■ **The problem**: Write the entries out exactly. Any images they hold stay out of the copy.

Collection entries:
[Start of section]

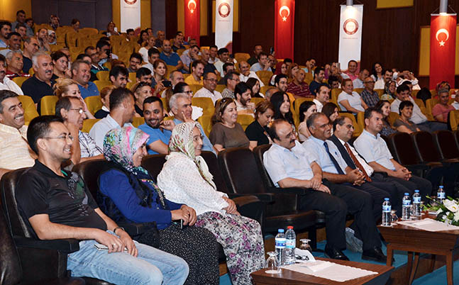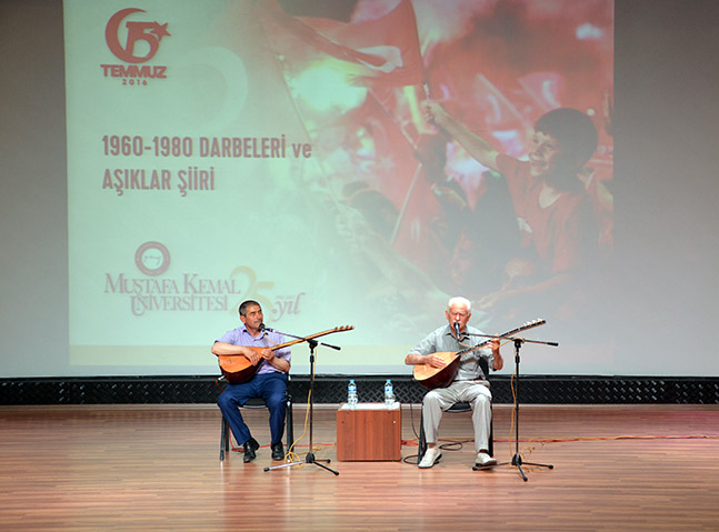 Üniversitemiz Rektörlüğü tarafından Tayfur Sökmen Kampüsü Atatürk konferans salonunda “1960-1980 Darbeleri ve Aşıklar Şiiri” konulu etkinlik düzenlendi. Üniversitemiz Fen Edebiyat Fakültesi Öğretim Üyesi Doç. Dr. Bülent Arı’nın konuşması ve Aşık Feymani ve Aşık Eyyübinin fasılları, darbe konusunun Anadolu halk ozanı olan Aşıkların şiirlerinde hangi şekilde yer aldığı eşsiz örneklerle dinleyicilere anlatıldı. Tayfur Sökmen Kampüsü Atatürk konferans salonunda gerçekleşen etkinlikte konuşan Doç. Dr. Bülent Arı:’’ Demokrasinin kurumsallaşması, çok partili hayata geçişte sancıların yaşanması ve 1960 darbesiyle sonuçlanan bu süreçte aşıkların siyasi gelişmelere bağlı olarak bazen İnönü’yü bazen Demokrat Partiyi ve Menderes’i hedef alan taşlamalar söylediklerine şahit olunmuştur. Bu dönemde aşıklar ülkenin birliğinden yana olmuşlardır. 1980 anarşi ortamına karşı yine aşıkların ortak tavrını görürüz ülkede yaşanan her türlü gelişmeden etkilenen aşıklar milli konular ve memleket sorunlarıyla ilgili şiirler yazmışlardır. Toplum yapısında yaşanan ahlaki yozlaşma onların şiirlerinde işlenen temalar onları birbirine yaklaştırmıştır. 1980 darbesi sonrası değişen dünyada, toplumsal yaşamdaki gelişmeler aşık şiirlerinde yer bulmuştur. 1980 darbesinde yaşananlar, darbe zihniyeti ve olumsuzlukları aşık şiirlerinde işlenmişler. Aşıklar toplumun sorunlarını sıkıntılılarını dile getirip onların duygu ve düşüncelerine tercüman olurlar bu yüzden 1960 ve 80 darbelerine karşı halkın tepkilerini şiirlerinde yoğun bir şekilde dile getirmişlerdir. Aşıklar şiirlerinde baskının arttığı huzur ve hürriyete yönelik bir ortamın söz konusu olmadığı kişilerin özlük haklarının ve sosyal haklarının ellerinden alındığını ifade ederler.” Dedi. Doç. Dr. Bülent Arının konuşmasının ardından sahneye gelen Aşık Feymani ve Aşık Eyyübi aşıklık geleneğinden oluşan örnekleri dinleyicilere sundular. Anadolu’nun kültürel benliğinin yanı sıra kültürel çeşitliliğini yansıtan şiirlerinden oluşan fasılı dinleyicilerle buluşturan aşıklar dinleyiciler tarafından ilgiyle dinlendiler. Etkinlik plaket takdimi ve hatıra fotoğrafı ile sona erdi.
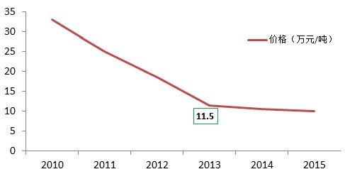 盡管天賜材料實現(xiàn)了六氟磷酸鋰的自給自足,但隨著國內(nèi)企業(yè)在六氟磷酸鋰技術(shù)上的不斷突破,國產(chǎn)化率逐漸的提高,其價格也在逐漸的下滑,預(yù)計2013年價格11.5萬元/噸左右,較2011年下降了65.2%。
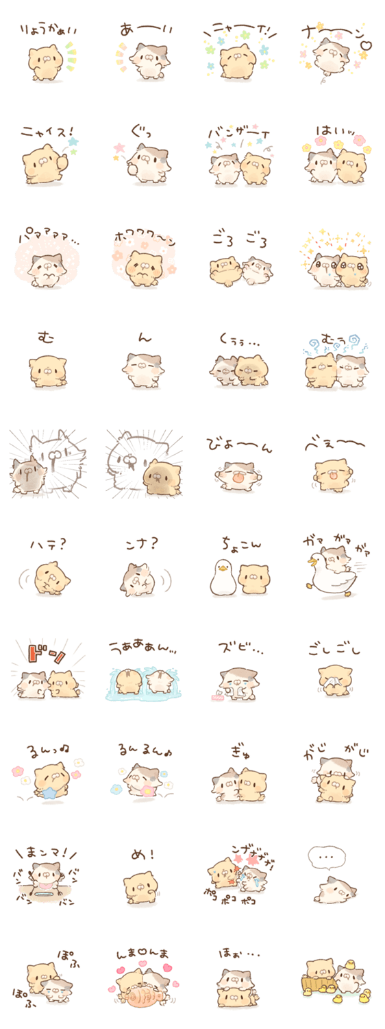 けだまとこだま。なかよし兄妹のスタンプ第2弾です。
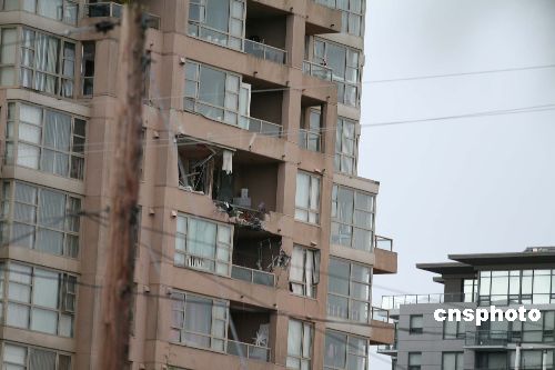 加拿大温哥华地区列治文市发生一起飞机撞进居民楼事故,造成飞行员死亡和两名住户受重伤。事故发生在当地时间十月十九日下午四点十分左右,一架双引擎小型飞机撞进了位于列治文公众市场附近的玫瑰园二期公寓楼,窗口被撞击后留下大约五米乘八米的大洞。据悉,华人占列治文市人口总数近一半,此楼大部分居民为中国移民。图为飞机撞击公寓楼后的情形。中新社发 罗琦 摄
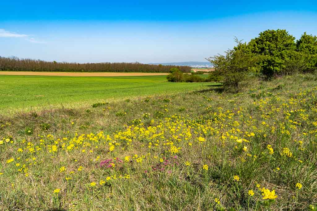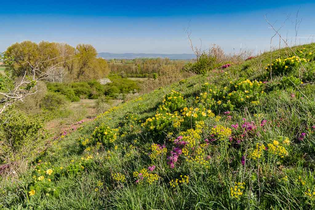 Am Rand des Gebietes wächst wieder, so wie beim Thenauriegel, Zypressenwolfsmilch (Euphorbia cyparissias) in Massen.
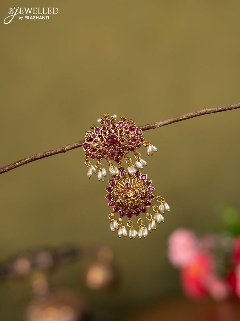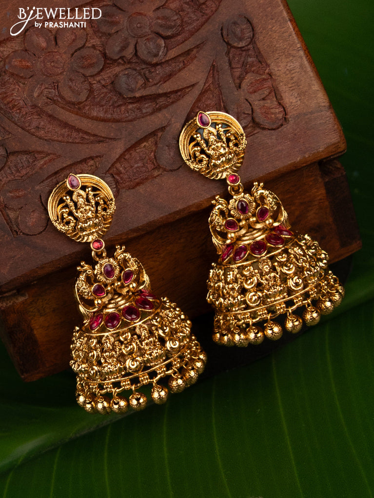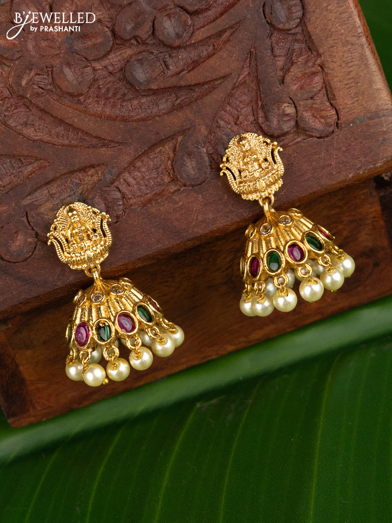Antique jhumka lakshmi design with kemp stones and pearl hangings
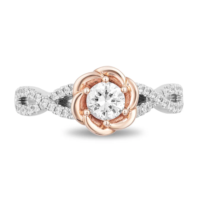 Sotiya Best Buds Rose Gold Rose Design Engagement Ring Sterling Silver
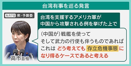 「外交とは、過去のことも将来のこともありますので、現在のことだけに振り回されることがないように、冷静に現実を分析して対応していくことが求められると思います。ただ、今回の(台湾有事を巡る)発言については、これは私の想像ですが高市首相が信念として持っておられたことなんでしょうけど、立場を考えると不用意だったと思います。首相の発言の重さ・影響力が世界にバッと伝播することを、あまりわかっていなかったのではないでしょうか」
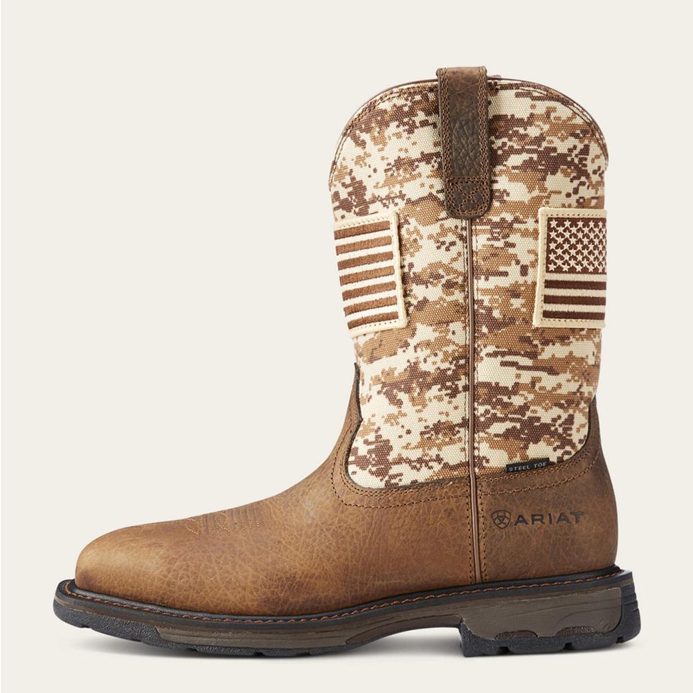Ariat WorkHog Patriot Steel Toe Work Boot show pride on the job with work boots styled with an American flag and camo pattern. The WorkHog® Patriot's extra-wide stability shank helps keep you supported on the job. These performance work boots are engineered to provide all-around comfort and reduced foot fatigue.
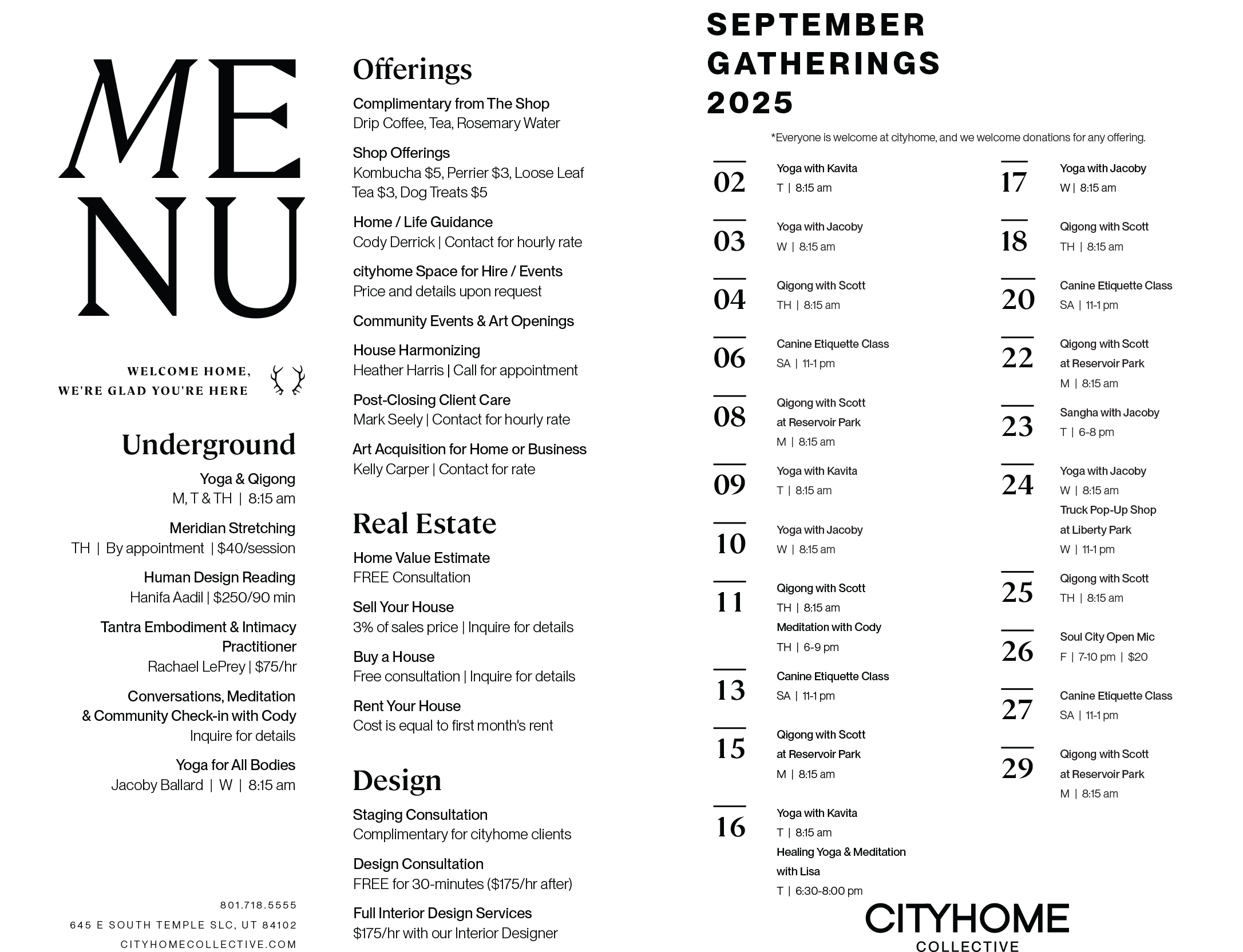 This is why we have been doing our best to point ourselves, our clients and our communities back to the Self. Whether it is embodied movement classes, community meditation groups, house therapy sessions, or first time home buyer classes, we have tended to a holistic approach to real estate, design and good neighbor-ing for almost twenty years. To keep it communal, most of what we offer is spread word of mouth. We have a print menu in our COLLECTIVE homebase that folks can pick up anytime with a current schedule as well as an ever evolving list of services. Stop by and grab one, have a cup of tea or coffee and say hello. Free hugs for the touchers. Warm smiles for everyone. Or check the newsletter at the beginning of each month for a snapshot of what is hot off the press. Spoiler alert. It's us. And we are at your service. Happy September, friends. What a beautiful month to be alive in this city, we call 'home'.
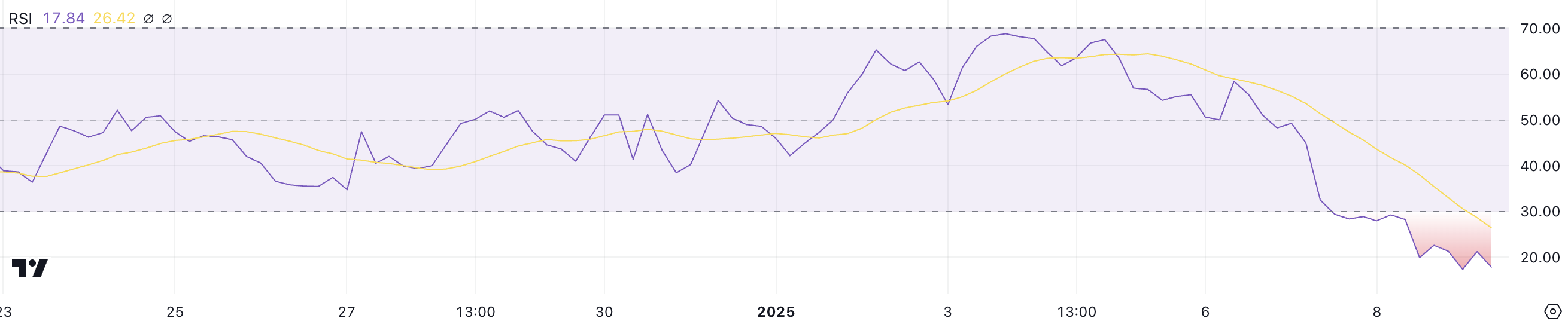 Relative Strength Index (RSI) dogwifhatille on pudonnut 17,8:aan, mikä merkitsee jyrkkää siirtymistä ylimyytyyn alueeseen oltuaan neutraali 20. joulukuuta ja 7. tammikuuta välillä. RSI on laajalti käytetty momentti-indikaattori, joka mittaa hintaliikkeiden nopeutta ja suuruutta asteikolla 0–100.
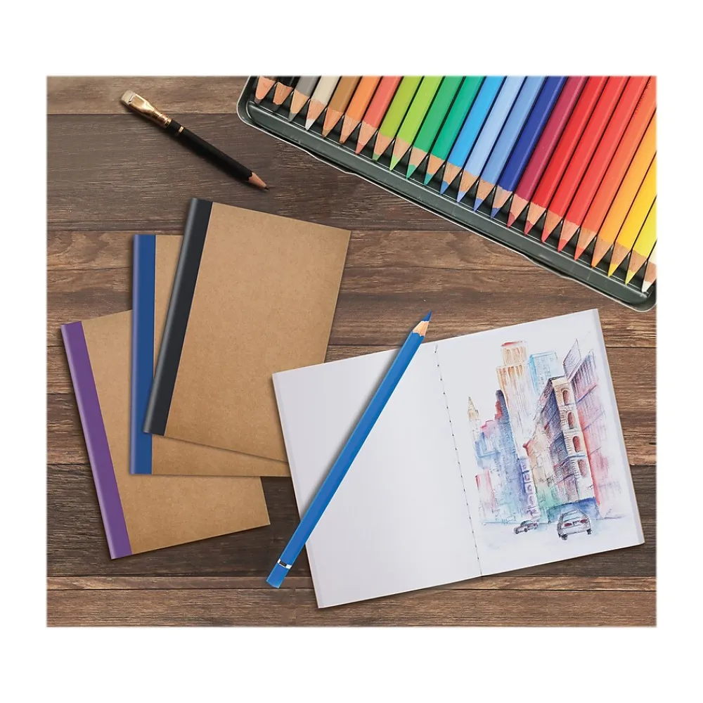 The Better Office kraft paper cover notebooks with 24 blank white sheets, rainbow-colored spines, and softcovers are perfect for sketching, drawing, doodling, and more.

[End of section]

■ **Response box**:
 Üniversitemiz Rektörlüğü tarafından Tayfur Sökmen Kampüsü Atatürk konferans salonunda “1960-1980 Darbeleri ve Aşıklar Şiiri” konulu etkinlik düzenlendi. Üniversitemiz Fen Edebiyat Fakültesi Öğretim Üyesi Doç. Dr. Bülent Arı’nın konuşması ve Aşık Feymani ve Aşık Eyyübinin fasılları, darbe konusunun Anadolu halk ozanı olan Aşıkların şiirlerinde hangi şekilde yer aldığı eşsiz örneklerle dinleyicilere anlatıldı. Tayfur Sökmen Kampüsü Atatürk konferans salonunda gerçekleşen etkinlikte konuşan Doç. Dr. Bülent Arı:’’ Demokrasinin kurumsallaşması, çok partili hayata geçişte sancıların yaşanması ve 1960 darbesiyle sonuçlanan bu süreçte aşıkların siyasi gelişmelere bağlı olarak bazen İnönü’yü bazen Demokrat Partiyi ve Menderes’i hedef alan taşlamalar söylediklerine şahit olunmuştur. Bu dönemde aşıklar ülkenin birliğinden yana olmuşlardır. 1980 anarşi ortamına karşı yine aşıkların ortak tavrını görürüz ülkede yaşanan her türlü gelişmeden etkilenen aşıklar milli konular ve memleket sorunlarıyla ilgili şiirler yazmışlardır. Toplum yapısında yaşanan ahlaki yozlaşma onların şiirlerinde işlenen temalar onları birbirine yaklaştırmıştır. 1980 darbesi sonrası değişen dünyada, toplumsal yaşamdaki gelişmeler aşık şiirlerinde yer bulmuştur. 1980 darbesinde yaşananlar, darbe zihniyeti ve olumsuzlukları aşık şiirlerinde işlenmişler. Aşıklar toplumun sorunlarını sıkıntılılarını dile getirip onların duygu ve düşüncelerine tercüman olurlar bu yüzden 1960 ve 80 darbelerine karşı halkın tepkilerini şiirlerinde yoğun bir şekilde dile getirmişlerdir. Aşıklar şiirlerinde baskının arttığı huzur ve hürriyete yönelik bir ortamın söz konusu olmadığı kişilerin özlük haklarının ve sosyal haklarının ellerinden alındığını ifade ederler.” Dedi. Doç. Dr. Bülent Arının konuşmasının ardından sahneye gelen Aşık Feymani ve Aşık Eyyübi aşıklık geleneğinden oluşan örnekleri dinleyicilere sundular. Anadolu’nun kültürel benliğinin yanı sıra kültürel çeşitliliğini yansıtan şiirlerinden oluşan fasılı dinleyicilerle buluşturan aşıklar dinleyiciler tarafından ilgiyle dinlendiler. Etkinlik plaket takdimi ve hatıra fotoğrafı ile sona erdi.
 盡管天賜材料實現(xiàn)了六氟磷酸鋰的自給自足,但隨著國內(nèi)企業(yè)在六氟磷酸鋰技術(shù)上的不斷突破,國產(chǎn)化率逐漸的提高,其價格也在逐漸的下滑,預(yù)計2013年價格11.5萬元/噸左右,較2011年下降了65.2%。
 けだまとこだま。なかよし兄妹のスタンプ第2弾です。
 加拿大温哥华地区列治文市发生一起飞机撞进居民楼事故,造成飞行员死亡和两名住户受重伤。事故发生在当地时间十月十九日下午四点十分左右,一架双引擎小型飞机撞进了位于列治文公众市场附近的玫瑰园二期公寓楼,窗口被撞击后留下大约五米乘八米的大洞。据悉,华人占列治文市人口总数近一半,此楼大部分居民为中国移民。图为飞机撞击公寓楼后的情形。中新社发 罗琦 摄
 Am Rand des Gebietes wächst wieder, so wie beim Thenauriegel, Zypressenwolfsmilch (Euphorbia cyparissias) in Massen.
Antique jhumka lakshmi design with kemp stones and pearl hangings
 Sotiya Best Buds Rose Gold Rose Design Engagement Ring Sterling Silver
 「外交とは、過去のことも将来のこともありますので、現在のことだけに振り回されることがないように、冷静に現実を分析して対応していくことが求められると思います。ただ、今回の(台湾有事を巡る)発言については、これは私の想像ですが高市首相が信念として持っておられたことなんでしょうけど、立場を考えると不用意だったと思います。首相の発言の重さ・影響力が世界にバッと伝播することを、あまりわかっていなかったのではないでしょうか」
Ariat WorkHog Patriot Steel Toe Work Boot show pride on the job with work boots styled with an American flag and camo pattern. The WorkHog® Patriot's extra-wide stability shank helps keep you supported on the job. These performance work boots are engineered to provide all-around comfort and reduced foot fatigue.
 This is why we have been doing our best to point ourselves, our clients and our communities back to the Self. Whether it is embodied movement classes, community meditation groups, house therapy sessions, or first time home buyer classes, we have tended to a holistic approach to real estate, design and good neighbor-ing for almost twenty years. To keep it communal, most of what we offer is spread word of mouth. We have a print menu in our COLLECTIVE homebase that folks can pick up anytime with a current schedule as well as an ever evolving list of services. Stop by and grab one, have a cup of tea or coffee and say hello. Free hugs for the touchers. Warm smiles for everyone. Or check the newsletter at the beginning of each month for a snapshot of what is hot off the press. Spoiler alert. It's us. And we are at your service. Happy September, friends. What a beautiful month to be alive in this city, we call 'home'.
 Relative Strength Index (RSI) dogwifhatille on pudonnut 17,8:aan, mikä merkitsee jyrkkää siirtymistä ylimyytyyn alueeseen oltuaan neutraali 20. joulukuuta ja 7. tammikuuta välillä. RSI on laajalti käytetty momentti-indikaattori, joka mittaa hintaliikkeiden nopeutta ja suuruutta asteikolla 0–100.
 The Better Office kraft paper cover notebooks with 24 blank white sheets, rainbow-colored spines, and softcovers are perfect for sketching, drawing, doodling, and more.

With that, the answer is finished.